Action item> Only the pictures should be left out; write out all other data exactly.

+++ Material provided

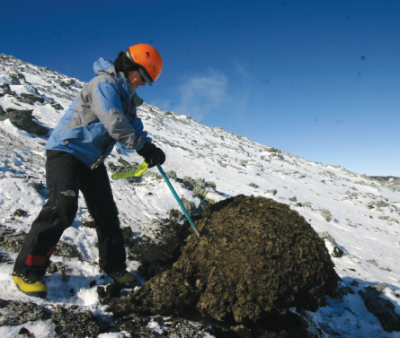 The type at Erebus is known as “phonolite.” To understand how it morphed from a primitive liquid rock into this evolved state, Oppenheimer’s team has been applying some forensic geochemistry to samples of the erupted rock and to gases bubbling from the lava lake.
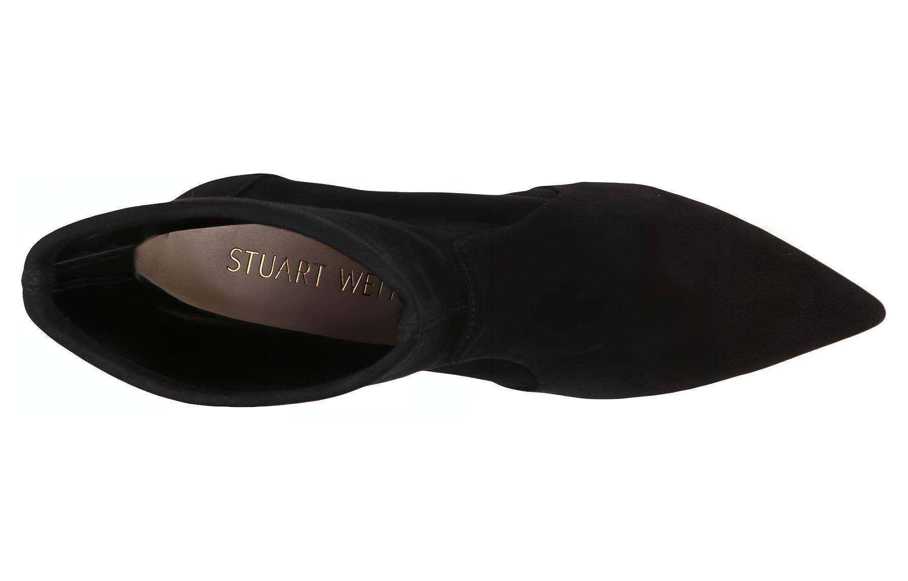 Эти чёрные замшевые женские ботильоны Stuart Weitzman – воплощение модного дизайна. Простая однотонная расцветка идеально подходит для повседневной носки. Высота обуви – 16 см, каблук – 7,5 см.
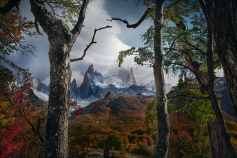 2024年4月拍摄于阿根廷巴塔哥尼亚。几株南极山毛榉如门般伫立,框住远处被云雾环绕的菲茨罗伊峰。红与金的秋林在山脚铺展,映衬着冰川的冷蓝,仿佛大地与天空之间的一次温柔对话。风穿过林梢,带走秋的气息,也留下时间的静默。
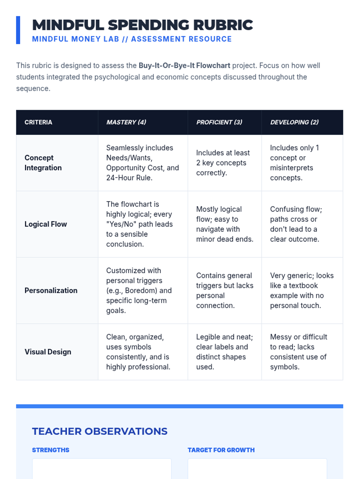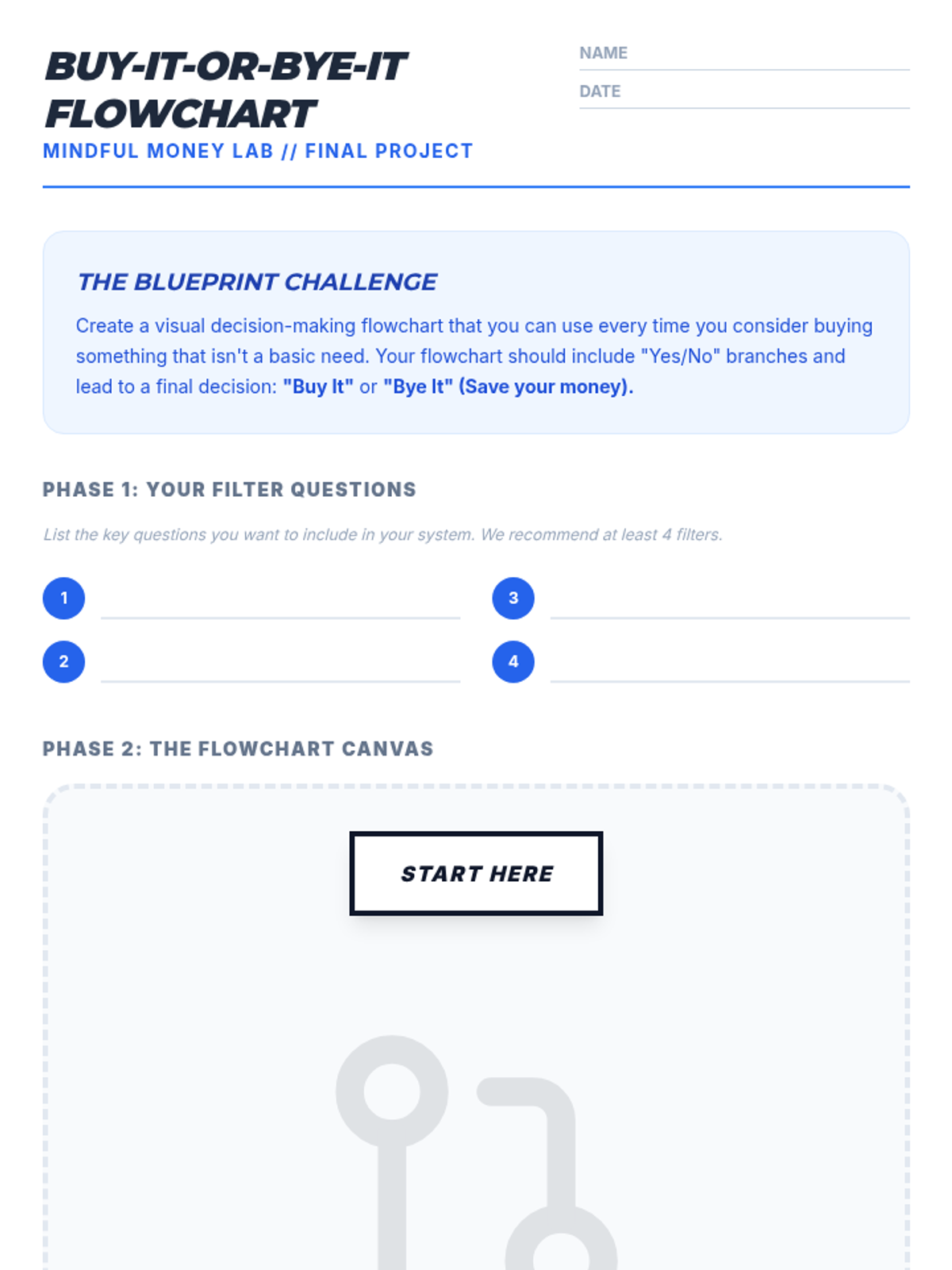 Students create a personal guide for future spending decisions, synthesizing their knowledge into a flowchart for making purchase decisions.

++++++

Exercise response>
 The type at Erebus is known as “phonolite.” To understand how it morphed from a primitive liquid rock into this evolved state, Oppenheimer’s team has been applying some forensic geochemistry to samples of the erupted rock and to gases bubbling from the lava lake.
 Эти чёрные замшевые женские ботильоны Stuart Weitzman – воплощение модного дизайна. Простая однотонная расцветка идеально подходит для повседневной носки. Высота обуви – 16 см, каблук – 7,5 см.
 2024年4月拍摄于阿根廷巴塔哥尼亚。几株南极山毛榉如门般伫立,框住远处被云雾环绕的菲茨罗伊峰。红与金的秋林在山脚铺展,映衬着冰川的冷蓝,仿佛大地与天空之间的一次温柔对话。风穿过林梢,带走秋的气息,也留下时间的静默。
 Students create a personal guide for future spending decisions, synthesizing their knowledge into a flowchart for making purchase decisions.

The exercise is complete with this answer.